WORK ITEM: In full and unchanged, output the entries that follow.

THE DATA:

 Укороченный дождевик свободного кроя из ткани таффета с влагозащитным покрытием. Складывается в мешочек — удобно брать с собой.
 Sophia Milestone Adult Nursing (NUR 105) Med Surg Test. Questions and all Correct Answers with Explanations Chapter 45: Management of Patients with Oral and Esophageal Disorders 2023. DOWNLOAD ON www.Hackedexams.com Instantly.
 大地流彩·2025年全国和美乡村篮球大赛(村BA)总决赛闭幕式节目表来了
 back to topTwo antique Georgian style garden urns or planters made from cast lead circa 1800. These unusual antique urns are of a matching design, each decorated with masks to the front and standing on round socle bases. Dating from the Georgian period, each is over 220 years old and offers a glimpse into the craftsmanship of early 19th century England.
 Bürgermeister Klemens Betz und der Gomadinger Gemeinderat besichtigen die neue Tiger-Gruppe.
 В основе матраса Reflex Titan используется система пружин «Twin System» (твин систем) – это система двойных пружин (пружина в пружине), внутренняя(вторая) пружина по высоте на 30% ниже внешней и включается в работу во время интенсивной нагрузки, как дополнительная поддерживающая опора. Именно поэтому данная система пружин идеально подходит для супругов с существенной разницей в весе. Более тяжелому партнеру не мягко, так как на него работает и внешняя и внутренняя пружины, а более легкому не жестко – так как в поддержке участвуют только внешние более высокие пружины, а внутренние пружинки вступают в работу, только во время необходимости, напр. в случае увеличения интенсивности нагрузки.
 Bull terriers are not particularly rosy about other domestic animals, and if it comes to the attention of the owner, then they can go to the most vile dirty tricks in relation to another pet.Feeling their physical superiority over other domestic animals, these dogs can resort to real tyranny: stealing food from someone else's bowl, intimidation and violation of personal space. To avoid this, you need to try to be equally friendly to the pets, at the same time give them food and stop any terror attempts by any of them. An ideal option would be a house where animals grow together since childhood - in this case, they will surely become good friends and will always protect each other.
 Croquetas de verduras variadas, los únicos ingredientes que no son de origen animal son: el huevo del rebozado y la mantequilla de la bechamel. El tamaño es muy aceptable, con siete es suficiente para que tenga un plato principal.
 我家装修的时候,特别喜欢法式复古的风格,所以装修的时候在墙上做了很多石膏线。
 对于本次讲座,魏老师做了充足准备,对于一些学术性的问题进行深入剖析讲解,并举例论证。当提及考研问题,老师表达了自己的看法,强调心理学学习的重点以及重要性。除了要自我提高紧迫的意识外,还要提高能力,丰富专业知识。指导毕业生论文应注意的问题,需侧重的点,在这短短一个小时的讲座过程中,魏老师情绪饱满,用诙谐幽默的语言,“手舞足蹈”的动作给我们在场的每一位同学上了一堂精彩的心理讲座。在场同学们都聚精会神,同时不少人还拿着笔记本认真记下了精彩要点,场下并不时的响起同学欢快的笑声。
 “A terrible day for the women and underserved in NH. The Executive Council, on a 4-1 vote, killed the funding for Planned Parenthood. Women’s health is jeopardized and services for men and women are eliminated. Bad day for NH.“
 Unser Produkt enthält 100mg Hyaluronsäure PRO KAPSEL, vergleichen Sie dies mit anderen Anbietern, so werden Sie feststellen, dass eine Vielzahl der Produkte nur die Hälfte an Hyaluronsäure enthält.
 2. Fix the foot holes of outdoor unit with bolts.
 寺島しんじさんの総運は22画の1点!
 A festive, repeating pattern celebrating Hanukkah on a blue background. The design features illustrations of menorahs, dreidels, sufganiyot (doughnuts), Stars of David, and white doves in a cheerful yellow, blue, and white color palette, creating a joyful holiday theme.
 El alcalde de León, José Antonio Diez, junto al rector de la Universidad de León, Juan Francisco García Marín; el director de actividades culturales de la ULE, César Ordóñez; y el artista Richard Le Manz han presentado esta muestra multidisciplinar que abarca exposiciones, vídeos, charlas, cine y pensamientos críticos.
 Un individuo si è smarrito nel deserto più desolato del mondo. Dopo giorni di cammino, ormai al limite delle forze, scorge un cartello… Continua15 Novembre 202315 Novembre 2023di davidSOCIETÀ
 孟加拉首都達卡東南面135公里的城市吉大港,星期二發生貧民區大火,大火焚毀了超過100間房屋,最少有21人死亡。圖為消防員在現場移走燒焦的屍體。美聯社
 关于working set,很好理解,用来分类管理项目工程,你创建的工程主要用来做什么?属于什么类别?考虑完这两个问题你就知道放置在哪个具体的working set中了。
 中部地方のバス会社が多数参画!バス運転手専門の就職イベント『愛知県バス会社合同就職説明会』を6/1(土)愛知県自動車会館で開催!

WRITTEN RESPONSE:
 Укороченный дождевик свободного кроя из ткани таффета с влагозащитным покрытием. Складывается в мешочек — удобно брать с собой.
 Sophia Milestone Adult Nursing (NUR 105) Med Surg Test. Questions and all Correct Answers with Explanations Chapter 45: Management of Patients with Oral and Esophageal Disorders 2023. DOWNLOAD ON www.Hackedexams.com Instantly.
 大地流彩·2025年全国和美乡村篮球大赛(村BA)总决赛闭幕式节目表来了
 back to topTwo antique Georgian style garden urns or planters made from cast lead circa 1800. These unusual antique urns are of a matching design, each decorated with masks to the front and standing on round socle bases. Dating from the Georgian period, each is over 220 years old and offers a glimpse into the craftsmanship of early 19th century England.
 Bürgermeister Klemens Betz und der Gomadinger Gemeinderat besichtigen die neue Tiger-Gruppe.
 В основе матраса Reflex Titan используется система пружин «Twin System» (твин систем) – это система двойных пружин (пружина в пружине), внутренняя(вторая) пружина по высоте на 30% ниже внешней и включается в работу во время интенсивной нагрузки, как дополнительная поддерживающая опора. Именно поэтому данная система пружин идеально подходит для супругов с существенной разницей в весе. Более тяжелому партнеру не мягко, так как на него работает и внешняя и внутренняя пружины, а более легкому не жестко – так как в поддержке участвуют только внешние более высокие пружины, а внутренние пружинки вступают в работу, только во время необходимости, напр. в случае увеличения интенсивности нагрузки.
 Bull terriers are not particularly rosy about other domestic animals, and if it comes to the attention of the owner, then they can go to the most vile dirty tricks in relation to another pet.Feeling their physical superiority over other domestic animals, these dogs can resort to real tyranny: stealing food from someone else's bowl, intimidation and violation of personal space. To avoid this, you need to try to be equally friendly to the pets, at the same time give them food and stop any terror attempts by any of them. An ideal option would be a house where animals grow together since childhood - in this case, they will surely become good friends and will always protect each other.
 Croquetas de verduras variadas, los únicos ingredientes que no son de origen animal son: el huevo del rebozado y la mantequilla de la bechamel. El tamaño es muy aceptable, con siete es suficiente para que tenga un plato principal.
 我家装修的时候,特别喜欢法式复古的风格,所以装修的时候在墙上做了很多石膏线。
 对于本次讲座,魏老师做了充足准备,对于一些学术性的问题进行深入剖析讲解,并举例论证。当提及考研问题,老师表达了自己的看法,强调心理学学习的重点以及重要性。除了要自我提高紧迫的意识外,还要提高能力,丰富专业知识。指导毕业生论文应注意的问题,需侧重的点,在这短短一个小时的讲座过程中,魏老师情绪饱满,用诙谐幽默的语言,“手舞足蹈”的动作给我们在场的每一位同学上了一堂精彩的心理讲座。在场同学们都聚精会神,同时不少人还拿着笔记本认真记下了精彩要点,场下并不时的响起同学欢快的笑声。
 “A terrible day for the women and underserved in NH. The Executive Council, on a 4-1 vote, killed the funding for Planned Parenthood. Women’s health is jeopardized and services for men and women are eliminated. Bad day for NH.“
 Unser Produkt enthält 100mg Hyaluronsäure PRO KAPSEL, vergleichen Sie dies mit anderen Anbietern, so werden Sie feststellen, dass eine Vielzahl der Produkte nur die Hälfte an Hyaluronsäure enthält.
 2. Fix the foot holes of outdoor unit with bolts.
 寺島しんじさんの総運は22画の1点!
 A festive, repeating pattern celebrating Hanukkah on a blue background. The design features illustrations of menorahs, dreidels, sufganiyot (doughnuts), Stars of David, and white doves in a cheerful yellow, blue, and white color palette, creating a joyful holiday theme.
 El alcalde de León, José Antonio Diez, junto al rector de la Universidad de León, Juan Francisco García Marín; el director de actividades culturales de la ULE, César Ordóñez; y el artista Richard Le Manz han presentado esta muestra multidisciplinar que abarca exposiciones, vídeos, charlas, cine y pensamientos críticos.
 Un individuo si è smarrito nel deserto più desolato del mondo. Dopo giorni di cammino, ormai al limite delle forze, scorge un cartello… Continua15 Novembre 202315 Novembre 2023di davidSOCIETÀ
 孟加拉首都達卡東南面135公里的城市吉大港,星期二發生貧民區大火,大火焚毀了超過100間房屋,最少有21人死亡。圖為消防員在現場移走燒焦的屍體。美聯社
 关于working set,很好理解,用来分类管理项目工程,你创建的工程主要用来做什么?属于什么类别?考虑完这两个问题你就知道放置在哪个具体的working set中了。
 中部地方のバス会社が多数参画!バス運転手専門の就職イベント『愛知県バス会社合同就職説明会』を6/1(土)愛知県自動車会館で開催!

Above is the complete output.